- **Exercise**:
Down to the last line, set down the material below exactly, excluding pictures.
--- Provided material Enclosed Below ---
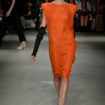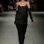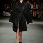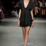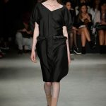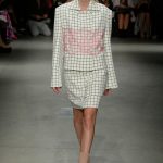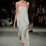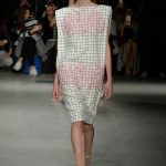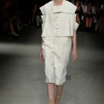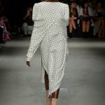 Le fasce multiple scandiscono capi a scatola in crepe aurei accoppiati e laserati al vivo. Check aristocratici incontrano i pizzi deco’ in capispalla e tuniche minimali, ampissimi colli diventano carrè appoggiandosi sulla spalla in stampe damier.
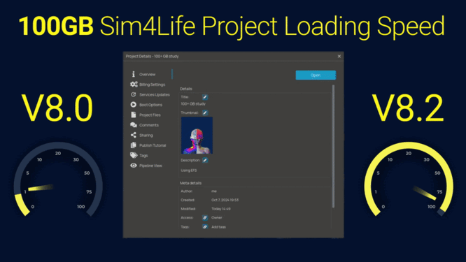 Significant speed enhancement: Comparison of Sim4Life V8.0 and V8.2 load times on the web for a project containing 100 GB of data, which is typical for complex, high-resolution studies. Thanks to the caching and buffering capability of our proprietary Elastic File System (EFS), the project loads and is ready to be used more than 7 times faster with V8.2.
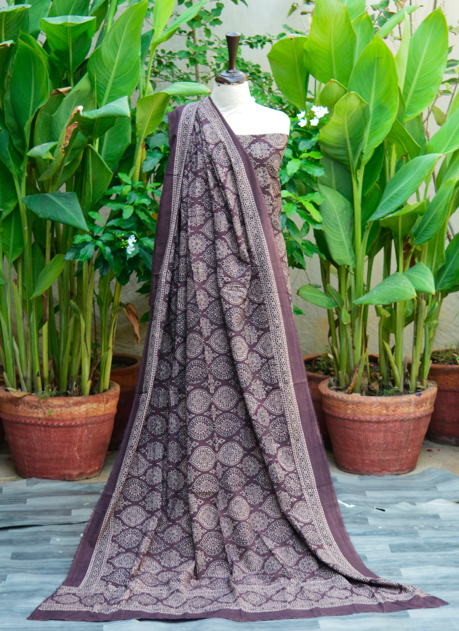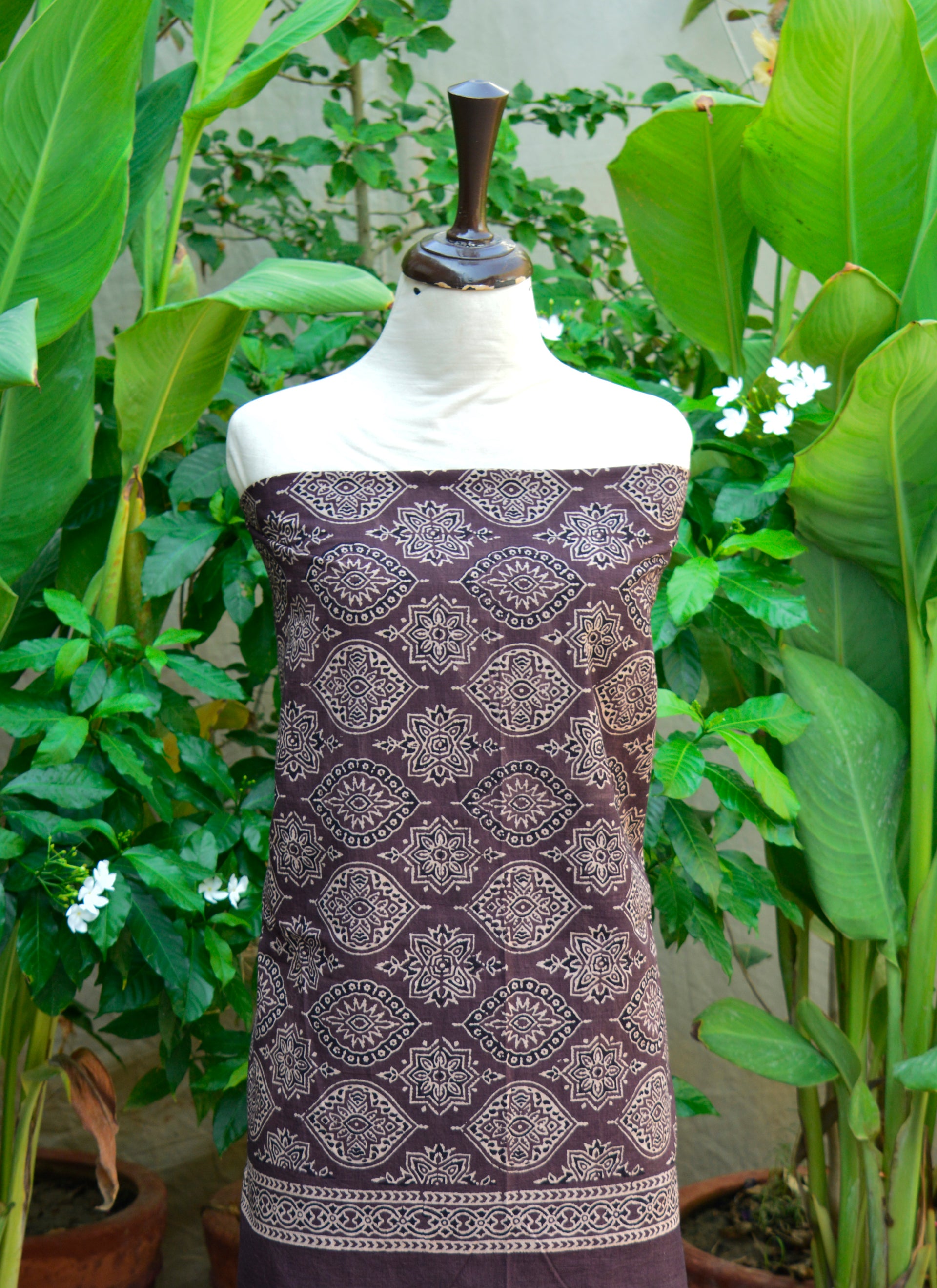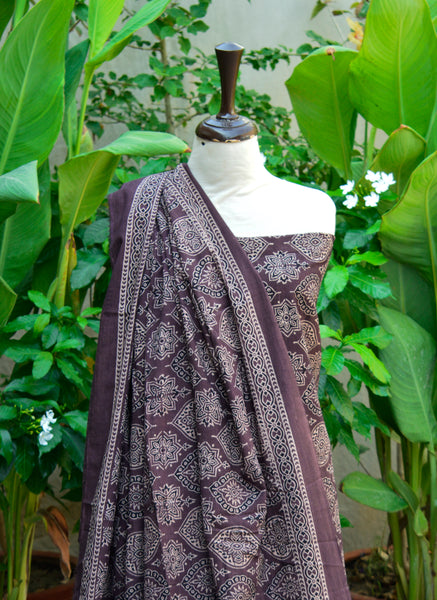 Organic Dye Hand Block Print Badam Feminin Nightshade Ajrak Design Dress – Self-Border Unstitched Two-Piece
--- End of Enclosed Provided material ---
- **Task result**:
 Le fasce multiple scandiscono capi a scatola in crepe aurei accoppiati e laserati al vivo. Check aristocratici incontrano i pizzi deco’ in capispalla e tuniche minimali, ampissimi colli diventano carrè appoggiandosi sulla spalla in stampe damier.
 Significant speed enhancement: Comparison of Sim4Life V8.0 and V8.2 load times on the web for a project containing 100 GB of data, which is typical for complex, high-resolution studies. Thanks to the caching and buffering capability of our proprietary Elastic File System (EFS), the project loads and is ready to be used more than 7 times faster with V8.2.
 Organic Dye Hand Block Print Badam Feminin Nightshade Ajrak Design Dress – Self-Border Unstitched Two-Piece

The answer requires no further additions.